Revelations that the News of the World may have accessed the voicemail messages of crime victims -- including an abducted 13-year-old girl later found murdered -- have caused outrage in Britain and brought to a head a long-running saga previously thought to have targeted celebrities and other high-profile figures.

Three hours of parliamentary time has been cleared for the debate on Wednesday where some politicians have said they could call for a national boycott of the News of the World.

Automaker Ford has already said it would pull advertising from the News of the World (NoW) until it saw how it deals with the matter. Other companies said they were reviewing the situation.

News International, which publishes Murdoch's stable of British newspaper titles including The Times and The Sun, said new information had recently been provided to police.

Full and continuing cooperation has been provided to the police since the current investigation started in January 2011, it said in a statement.

Well understood arrangements are in place to ensure that any material of importance to which they are entitled is provided to them.

We cannot comment any further due to the ongoing investigations.

The BBC said the material passed to police related to a trail of emails appearing to show that payments were made to police in the past for information and that were authorized by former NoW editor, Andy Coulson, later David Cameron's head of communications.

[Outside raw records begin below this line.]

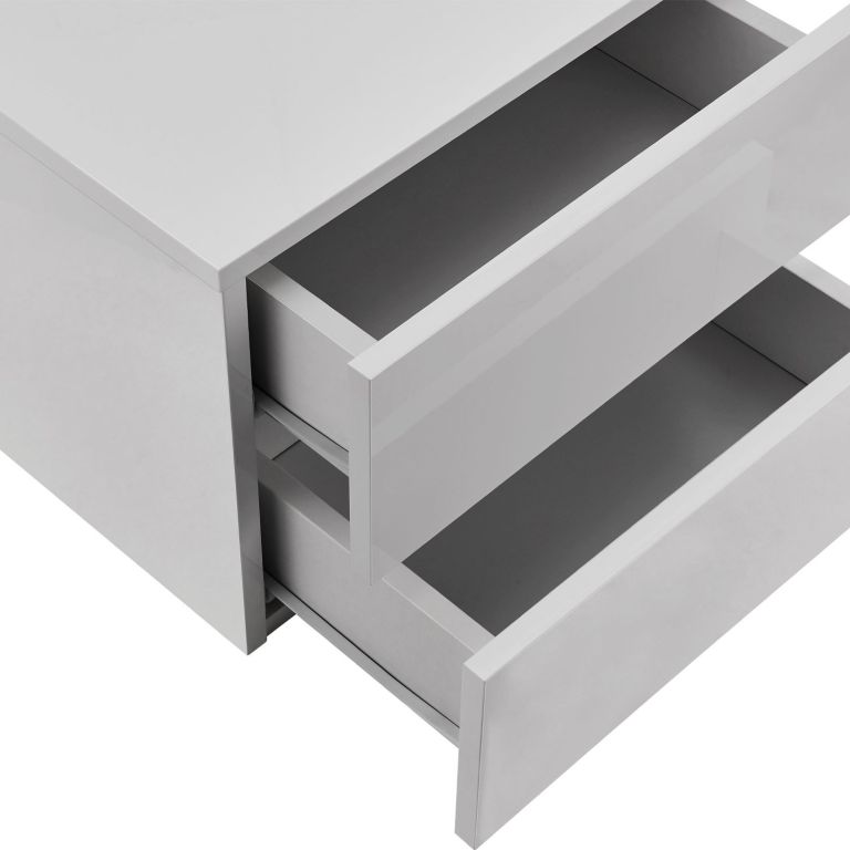 Noptieră modernă suspendată cu două sertare, de culoare albă, ideală pentru economisirea spațiului.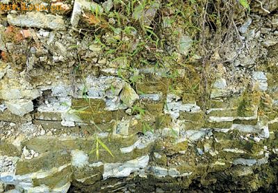 施工现场一段疑为城墙的砖块。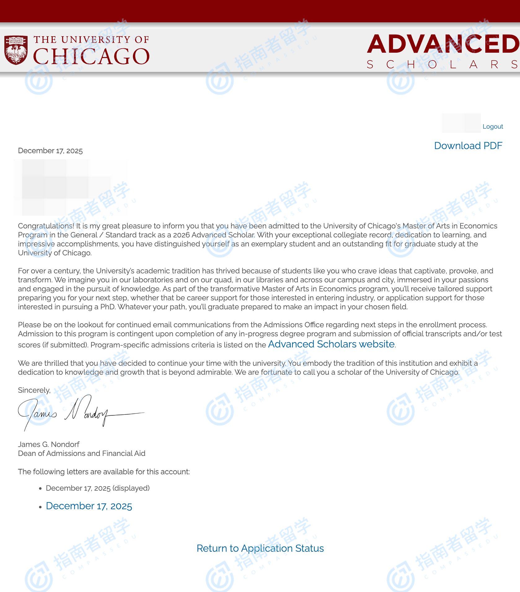 芝加哥大學經(jīng)濟學文學碩士研究生offer一枚

Coulson resigned as News of the World editor in 2007 and has insisted he knew nothing about the phone hacking.

It is not the first time a News Corp paper has been linked to police payments. In 2003, Rebekah Brooks, then editor of The Sun, told a parliamentary committee that her paper paid police for information. News International later said this was not company practice.

QUESTIONS FOR PM

Broadcasters and newspapers rushed to publish new details of a saga that has forced the resignation of Coulson and has now come to the door of Brooks, now head of News Corp's British newspaper arm. She is a frequent guest at the country home of Prime Minister David Cameron.

The Daily Telegraph newspaper reported that News of the World journalists may have attempted to access voice messages left on phones as relatives waited for information about their loved ones in the aftermath of the London bombings in 2005, when British Islamists carried out suicide bombings on the transport network, killing 52 people.

The Independent newspaper said Brooks commissioned a search, on a personal matter, by one of the private investigators used by the News of the World to trace the family of the murdered schoolgirl, Milly Dowler.

The Guardian said police investigating the phone-hacking claims were turning their attention to high-profile cases involving the murder or abduction of children since 2001.

The parents of two murdered schoolgirls in another high-profile case dating back to Brooks' editorship of the News of the World have been visited by police investigating the phone-hacking affair.

Cameron is likely to face intense questioning over the issue at the weekly prime minister's questions session in parliament on Wednesday, particularly his friendship with Brooks and her successor Coulson.

Cameron said on Tuesday he was appalled by the allegations that in 2002 the murdered schoolgirl's voicemail messages had been listened to and deleted by a News of the World investigator, misleading police and her family.

Cameron's government is weighing approval of News Corp's takeover bid for British broadcaster BSkyB. The hacking revelations are unlikely to derail that deal since approvals are focused on whether the takeover will give Murdoch too much power over the British media. The government has said it does not believe it will.

Murdoch transformed the British press landscape in the 1980s during Margaret Thatcher's years as prime minister, bringing in new technology and confronting printers' and journalists' trade unions. He commands audiences with global leaders and, through his media, is seen as one of the world's most powerful men.

Brooks, who has worked for Murdoch for nearly half her life, was previously seen as untouchable because of her close relationship with the News Corp chairman and chief executive.

But popular pressure could prove her undoing if readers, who had largely shrugged off news that investigators accessed the phone messages of royals, footballers and celebrities to break stories, start to desert the Sunday paper.

Facebook and Twitter campaigns have sprung up in the wake of the latest allegation encouraging readers and advertisers to boycott the News of the World.

Sales of News Corp's Sun newspaper never recovered in the city of Liverpool after it offended football fans in the wake of a stadium disaster more than 20 years ago in which 96 people died.